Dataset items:
──────────────────────────────

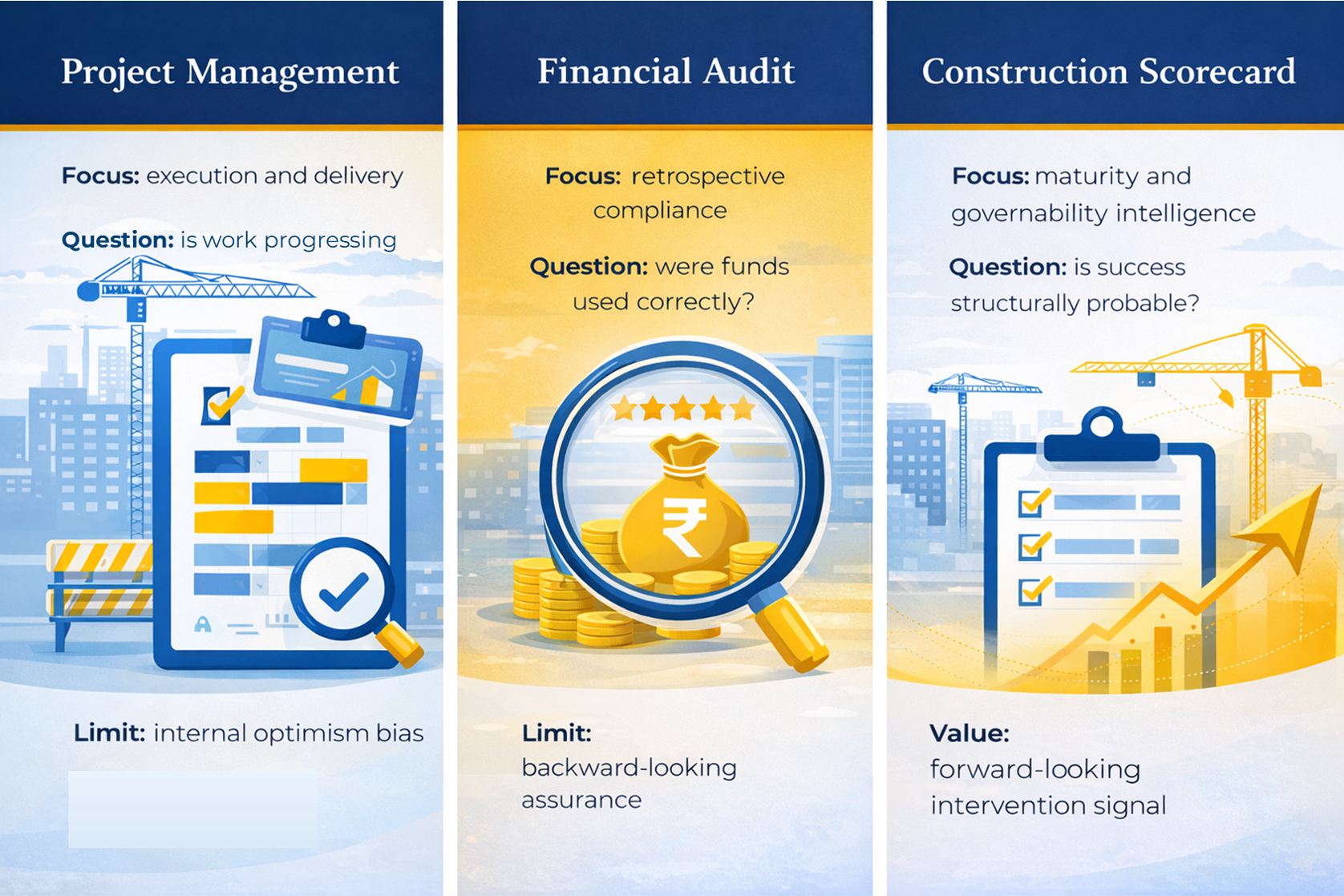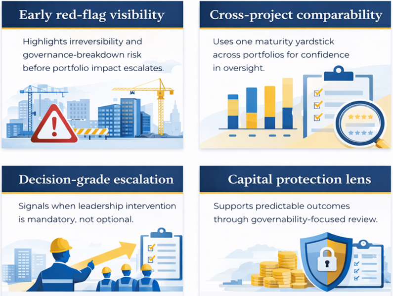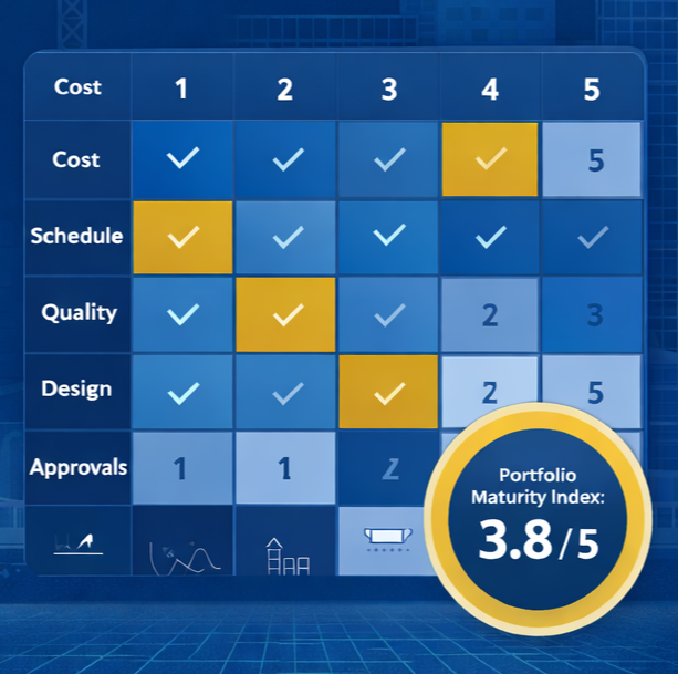 Industry-grade assessment system that measures stage-wise construction maturity, enabling leadership and Boards to identify governance gaps early and trigger timely intervention.
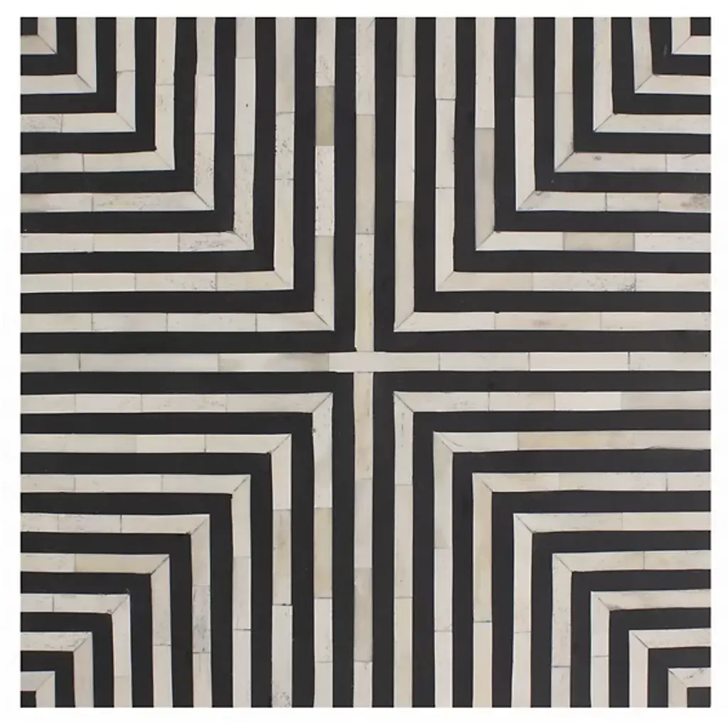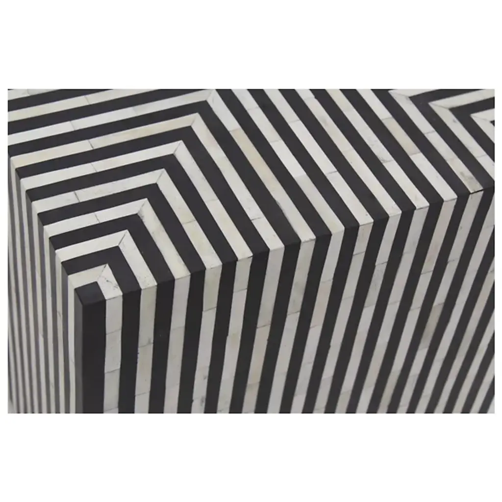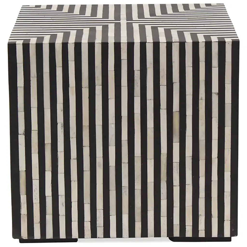 Present a stately appeal to indoor spaces with the captivating Deco lines of the Terning Side Table from Moe's Home Collection. A cubic sculptural structure set atop four subdued and inset feet, it’s fashioned from a mix of MDF and resin that suggests a bone veneer, though an animal-friendly one. Made in India, the interspersing of black lines with white, jointed accents draws the eye, while the top is divided into triangular quarters that draw attention to its contents.
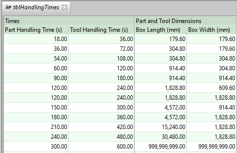 • Move to autoclave cell time: looked up by tool length and tool width in the Tool Handling Time column of the lookup table tblHandlingTimes.
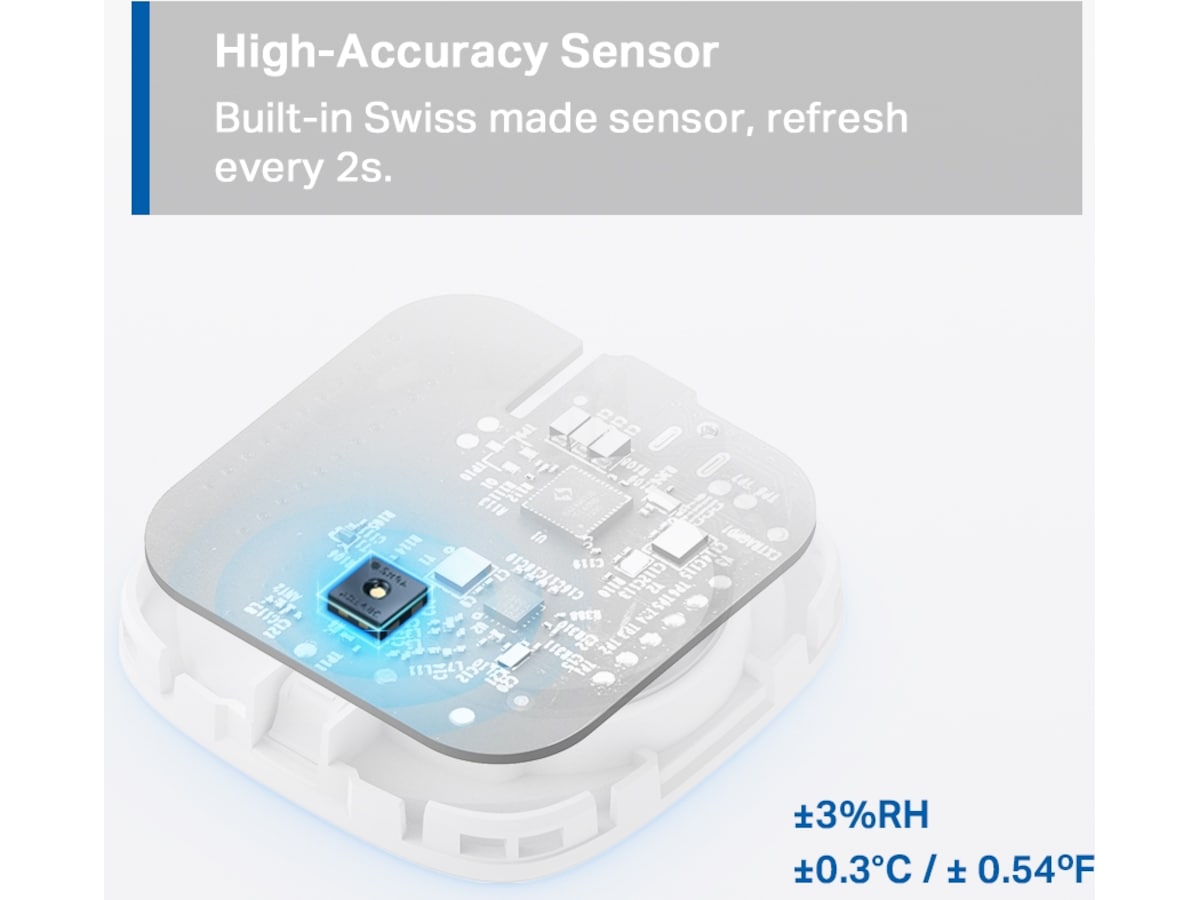 Tapo T310 Tapo Smart Temperatur- och Fuktighetsmätare Snabb & Exakt Övervakning - Upptäcker temperatur och luftfuktighet med hög noggrannhet. Uppdateras varannan sekund. (Noggrannhet: ±0,3 °C, ±3% RH)Hemautomation - Slår på/av elektroniska apparater automatiskt när inställningarna faller utanför sina förinställda intervaller.
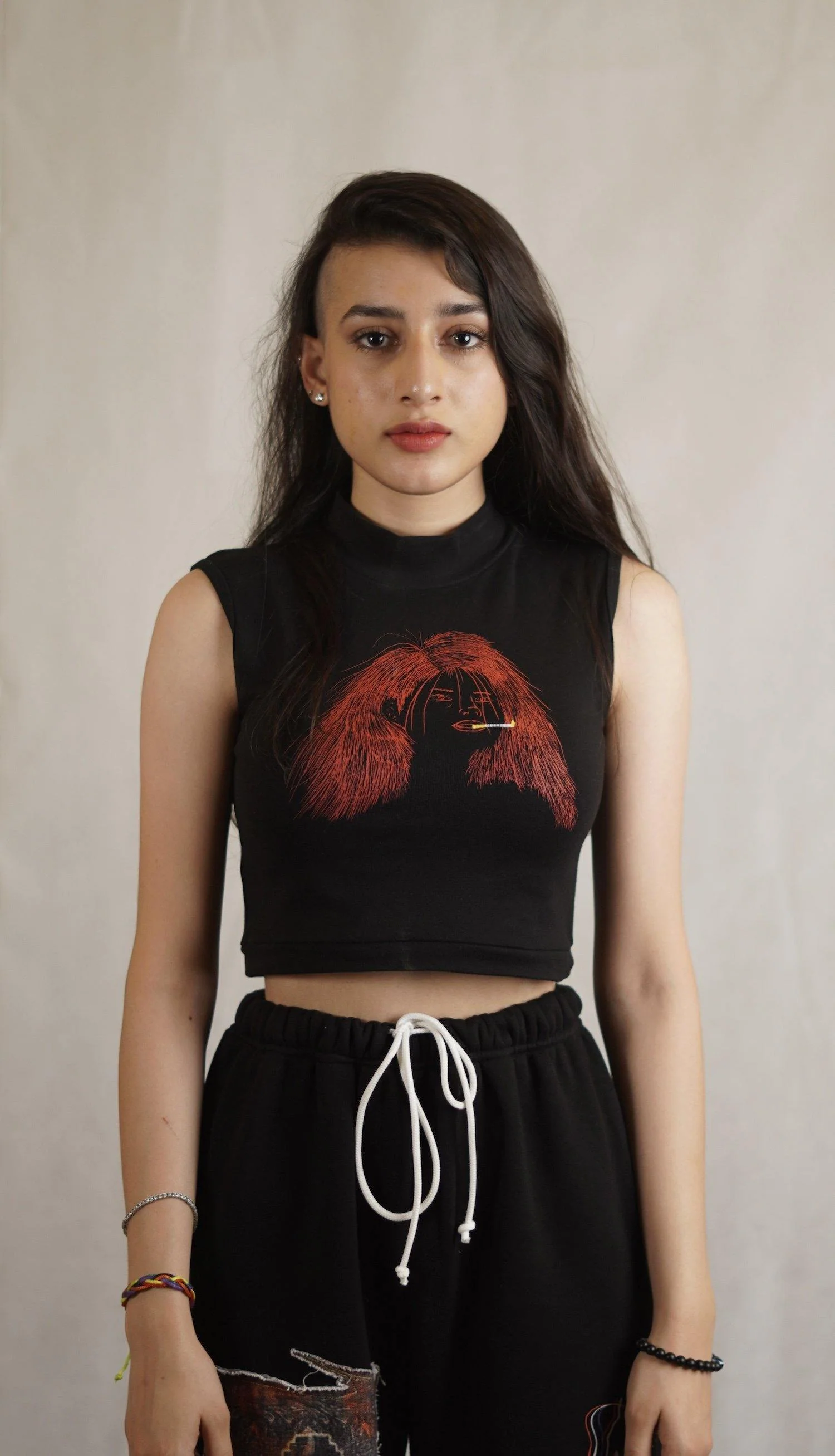 Mock neck crop top constructed from an elastic cotton/poly blend for added support and comfort. The top features an in house designed art piece showcasing a smoking woman hand screen printed on the front. Pair with Rastah's black sweatpants for the perfect evening summer look.
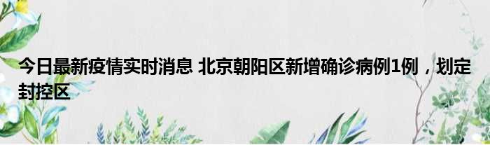 今日最新疫情实时消息 北京朝阳区新增确诊病例1例,划定封控区
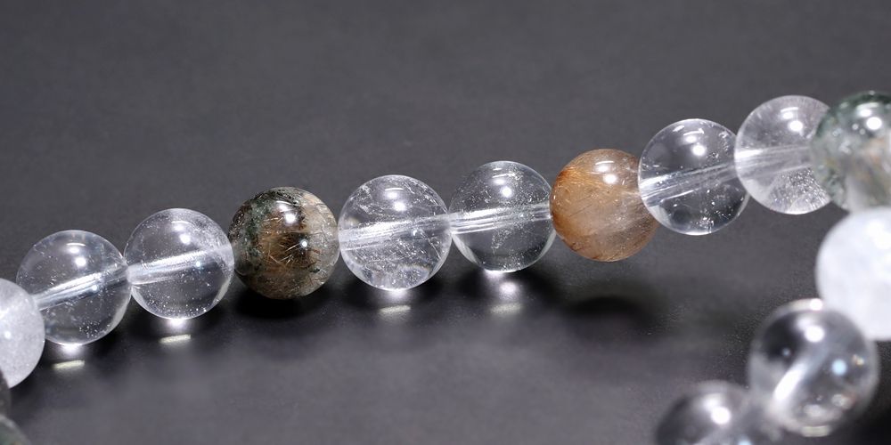 当時確保した原石は約1.5トンにも及びましたが、その中からブレスレットとして美しく仕上げられる粒はごく僅かです。特にルチルが内包されたタイプは全体の約1%程度となり、粒ごとのバランスや統一感を持たせて組み上げるものとなると、まさに選び抜かれた存在といえます。
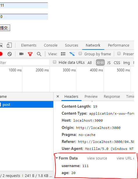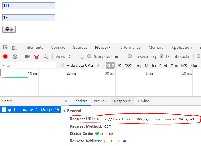 在页面中输入姓名111和年龄19.打开开发者工具查看xhr请求,我们看到请求参数没有问题。拼接成功,见下图红色部分中问号后面部分就是拼接的请求参数。
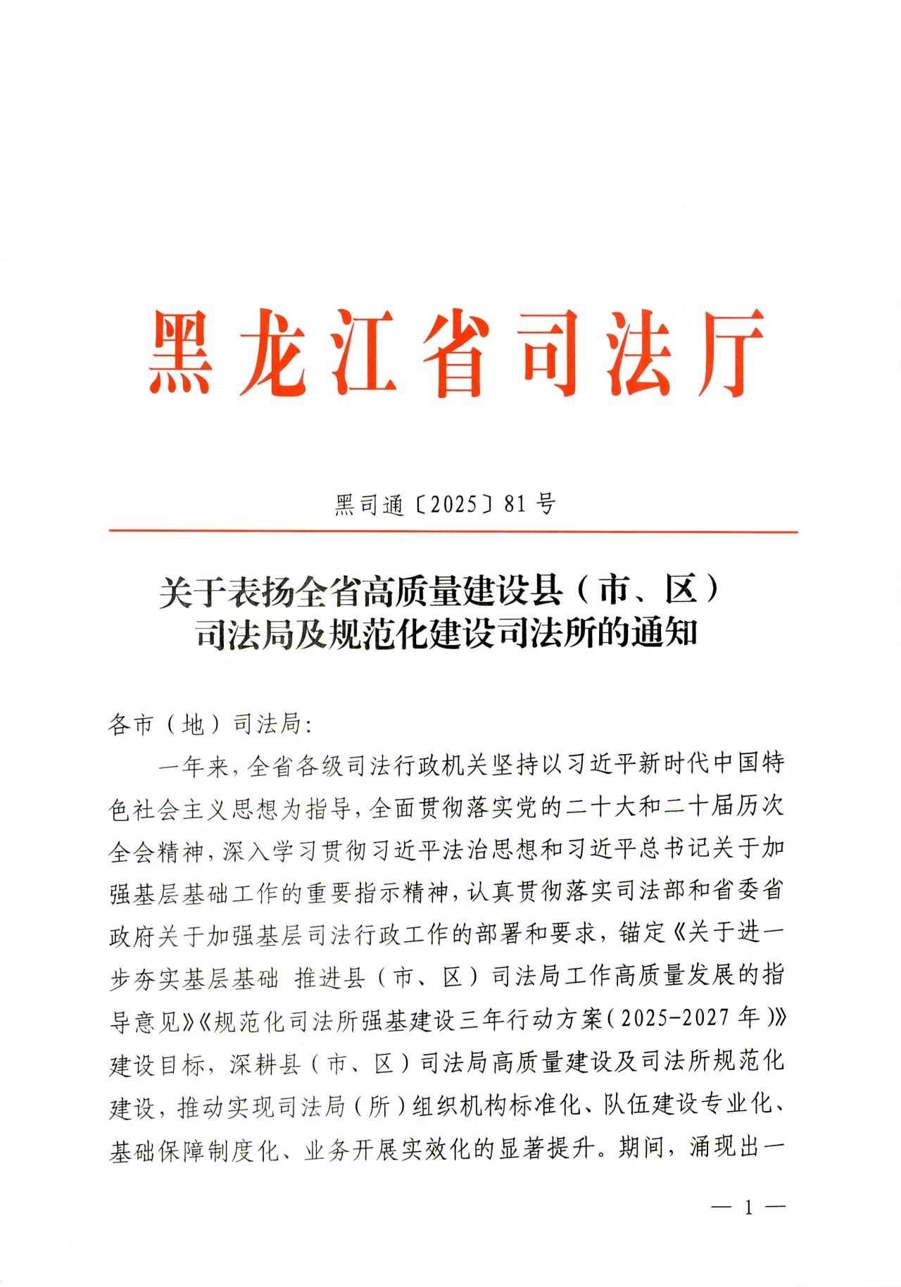 日前,经申报评审,松北区司法局荣获“全省高质量建设区、县(市)司法局”,松浦司法所、对青山司法所、利民司法所荣获“省级规范化司法所”称号。
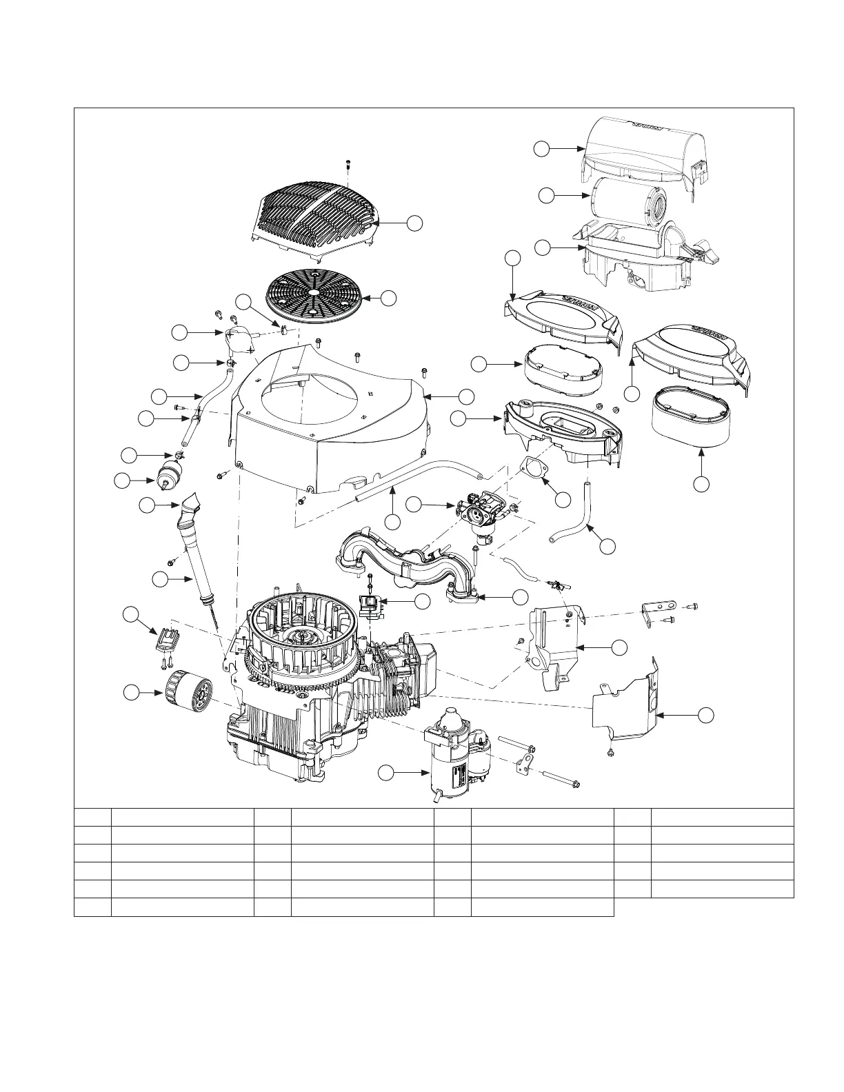A Fixed Guard B Air Cleaner Cover C Debris Screen D Blower Housing

──────────────────────────────

WORK REQUIRED: When you reach the line with "Present a stately" in the records above, start writing out each line exactly, and stop after the line with "lookup table tblHandlingTimes.". Pictures stay out.

REPLY TO THE TASK:
 Present a stately appeal to indoor spaces with the captivating Deco lines of the Terning Side Table from Moe's Home Collection. A cubic sculptural structure set atop four subdued and inset feet, it’s fashioned from a mix of MDF and resin that suggests a bone veneer, though an animal-friendly one. Made in India, the interspersing of black lines with white, jointed accents draws the eye, while the top is divided into triangular quarters that draw attention to its contents.
 • Move to autoclave cell time: looked up by tool length and tool width in the Tool Handling Time column of the lookup table tblHandlingTimes.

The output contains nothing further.